**WORK INSTRUCTION:** Please copy, word for word, the line holding "Angolo cottura aperto" and each line that follows it through the end of the entries, omitting any pictures.

**DATASET CONTENT:**
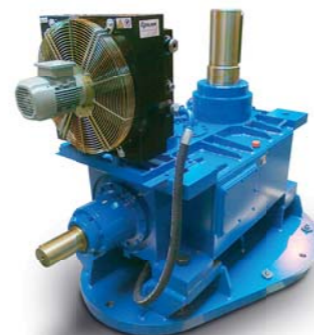
SK400-Typ Getriebe für Kühltürme

Sonstige Antriebe — Hilfsgetriebe Krangetriebe
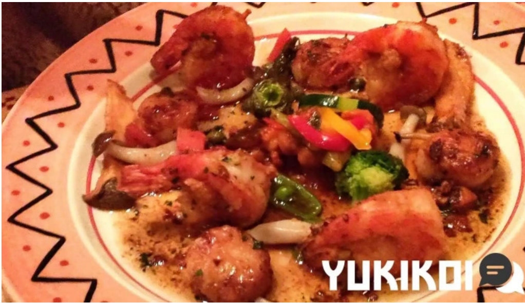
ビストロ暖蘭 動画
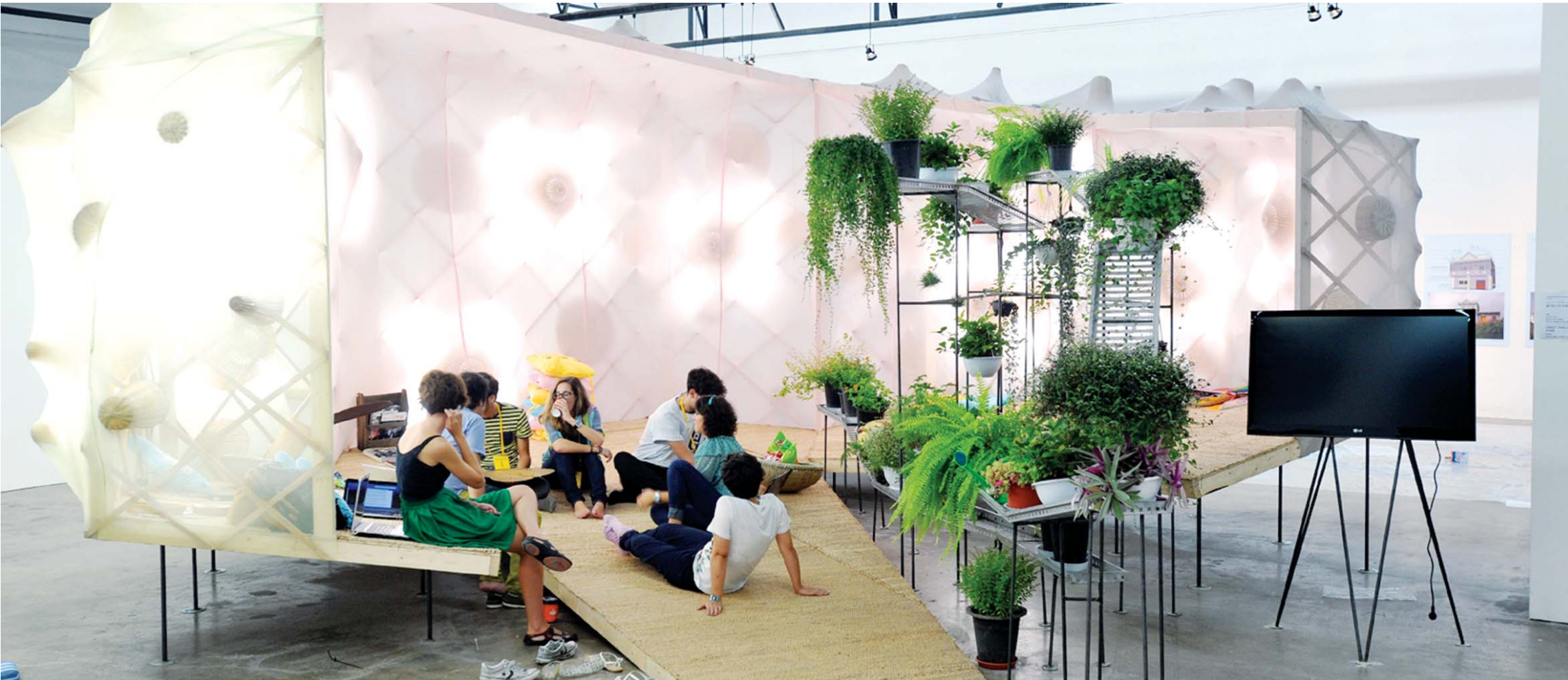
30일 비엔날레 전시관에서 관계자들이 출품작 '즐거운 나의 집'을 둘러보며 이야기 나누고 있다.
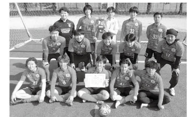
優勝 リバティ館林 準優勝 ブラックおおたん 第3位 誰でもどうぞ、オレンジパイキー

3月5日、12日邑楽町スポーツ・レクリエーション広場にて第30回邑楽町長杯争奪サッカー大会が開催されました。
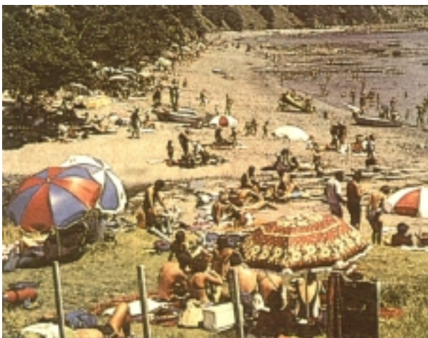
Kontrol hertsia egon arren, Leigh-era bisitari asko hurbiltzen da. Udako asteburuetan hondartza jendez beteta dago.
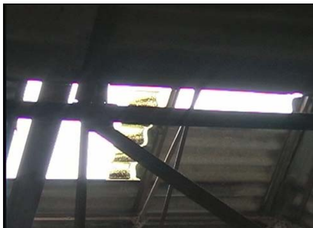
Plaque de toiture arrachées par le vent.
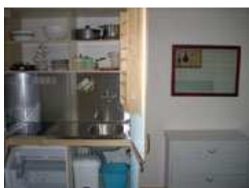
Angolo cottura aperto
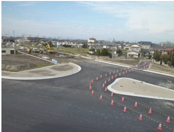
土地区画整理事業（上之地区 熊谷谷郷線及び第2北大通線）
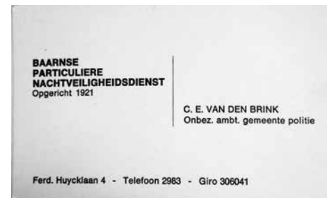
Afb. 7. Naamkaartje

Eens had een inbreker zich bij villa 'Hoog Wolde' verstopt onder het trapje bij de voordeur en zat daar te wachten totdat de nacht-
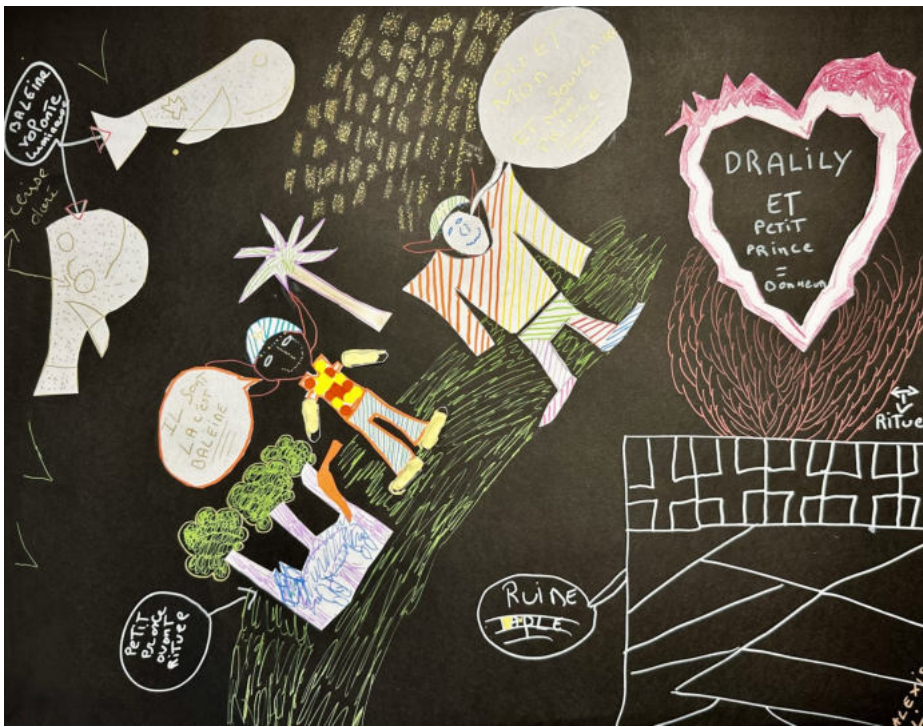
Illustration du conte collectif par Alexis et Vincent

toujours, sans jamais être remplacée. La baleine doit être consentante pour faire son cadeau... Dralily rêve de l'apprivoiser.
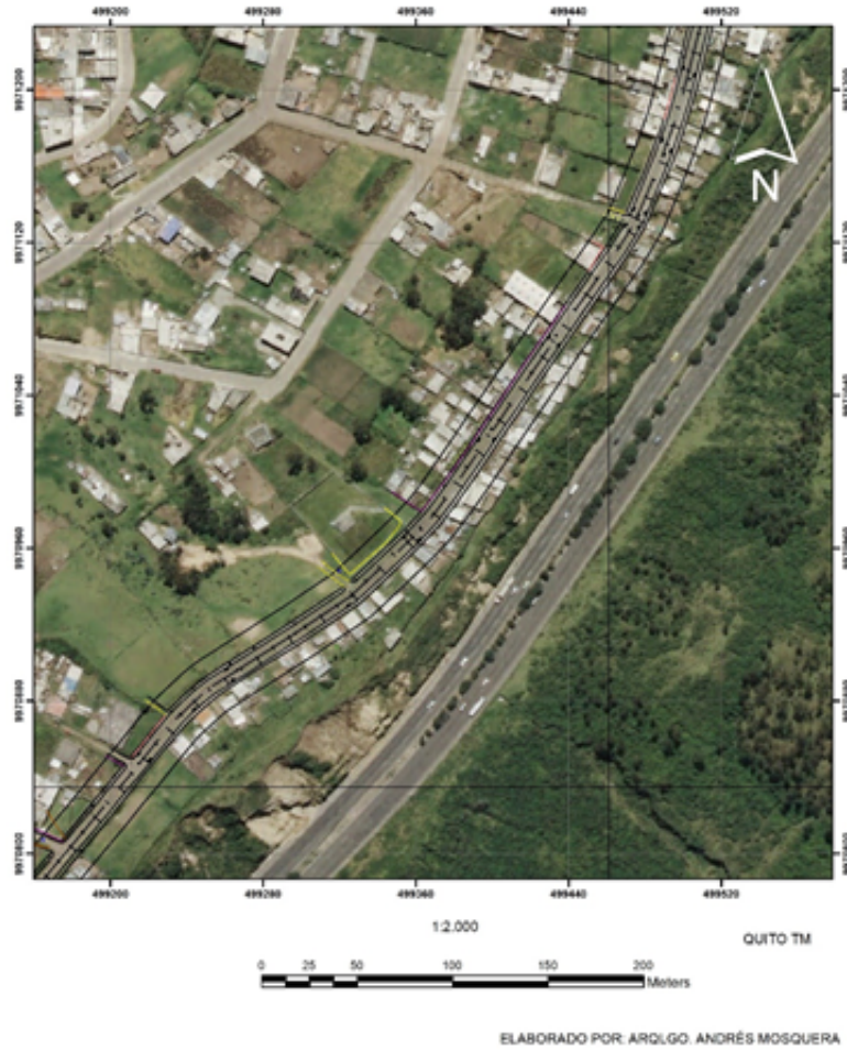
Fig. 5. Cartografía del Qhapaq Ñan con el trazado vial propuesto por la AZEA, en el sector Vista Hermosa de las Antenas.
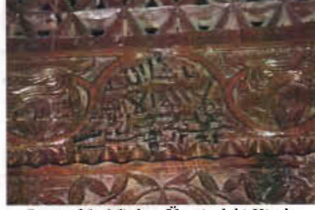
Resim 21: Minber Üzerindeki Kitabe
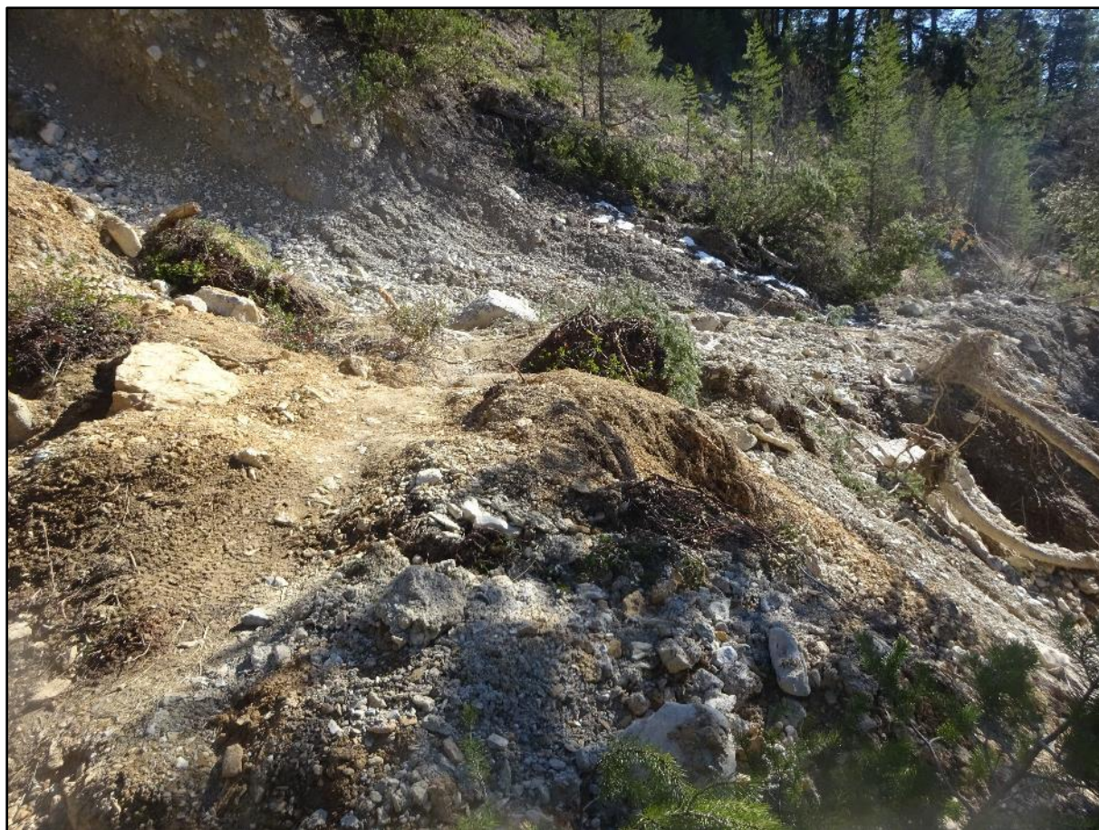
Autre vue du même endroit.
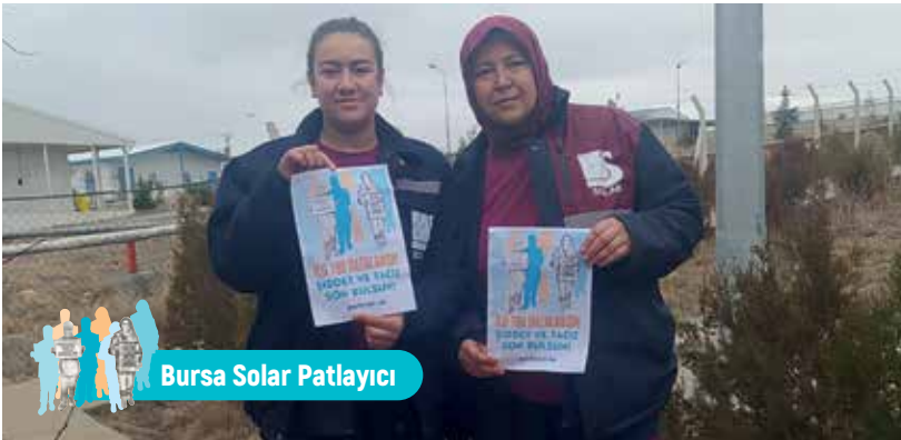
Bursa Solar Patlayıcı

**YOUR SOLUTION:**
Angolo cottura aperto
土地区画整理事業（上之地区 熊谷谷郷線及び第2北大通線）
Afb. 7. Naamkaartje

Eens had een inbreker zich bij villa 'Hoog Wolde' verstopt onder het trapje bij de voordeur en zat daar te wachten totdat de nacht-
Illustration du conte collectif par Alexis et Vincent

toujours, sans jamais être remplacée. La baleine doit être consentante pour faire son cadeau... Dralily rêve de l'apprivoiser.
Fig. 5. Cartografía del Qhapaq Ñan con el trazado vial propuesto por la AZEA, en el sector Vista Hermosa de las Antenas.
Resim 21: Minber Üzerindeki Kitabe
Autre vue du même endroit.
Bursa Solar Patlayıcı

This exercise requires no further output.